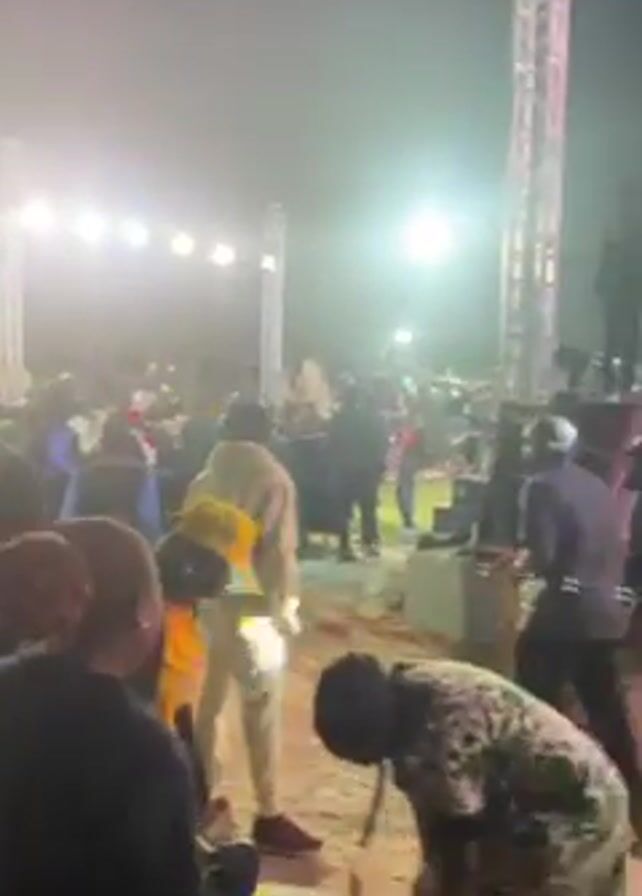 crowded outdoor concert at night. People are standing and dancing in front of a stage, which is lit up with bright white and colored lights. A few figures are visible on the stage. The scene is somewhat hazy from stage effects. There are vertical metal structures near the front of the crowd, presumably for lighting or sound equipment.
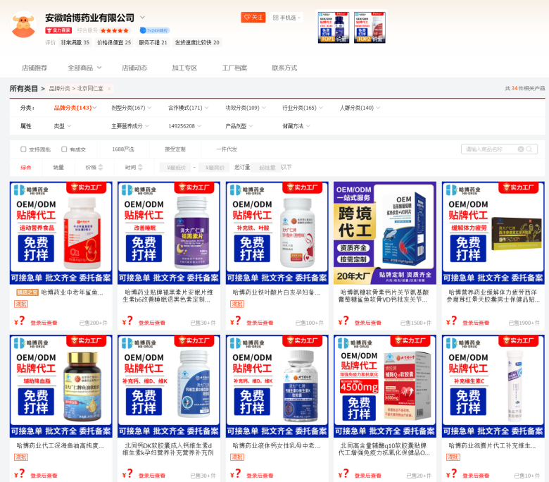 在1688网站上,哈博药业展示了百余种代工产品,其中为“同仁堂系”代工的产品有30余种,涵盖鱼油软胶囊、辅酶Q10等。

..........

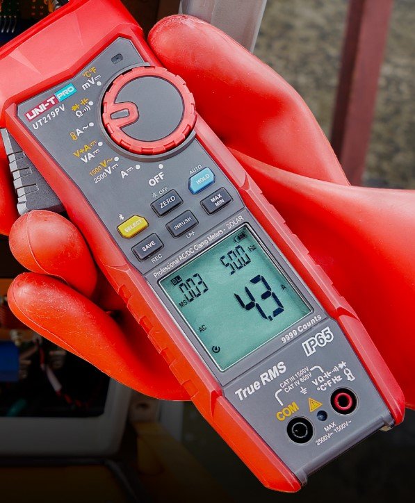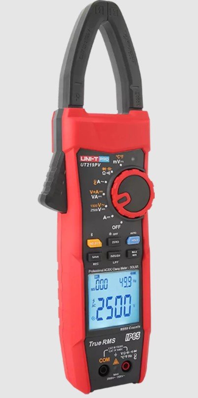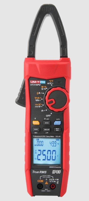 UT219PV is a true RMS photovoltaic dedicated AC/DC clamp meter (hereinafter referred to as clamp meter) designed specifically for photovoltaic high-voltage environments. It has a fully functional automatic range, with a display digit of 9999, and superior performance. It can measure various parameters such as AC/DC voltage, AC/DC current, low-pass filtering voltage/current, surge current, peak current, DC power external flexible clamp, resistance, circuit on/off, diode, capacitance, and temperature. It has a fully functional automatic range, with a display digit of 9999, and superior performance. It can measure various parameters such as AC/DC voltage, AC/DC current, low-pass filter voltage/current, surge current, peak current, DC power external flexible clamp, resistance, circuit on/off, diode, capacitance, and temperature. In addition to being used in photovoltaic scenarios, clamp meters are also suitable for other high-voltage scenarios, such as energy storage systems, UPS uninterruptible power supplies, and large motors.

..........

AIM OF THE TASK
Return exactly the part of the listing above that opens with the line containing "crowded outdoor concert" and closes with the line containing "在1688网站上,哈博药业展". Pictures stay out.

TASK ANSWER
 crowded outdoor concert at night. People are standing and dancing in front of a stage, which is lit up with bright white and colored lights. A few figures are visible on the stage. The scene is somewhat hazy from stage effects. There are vertical metal structures near the front of the crowd, presumably for lighting or sound equipment.
 在1688网站上,哈博药业展示了百余种代工产品,其中为“同仁堂系”代工的产品有30余种,涵盖鱼油软胶囊、辅酶Q10等。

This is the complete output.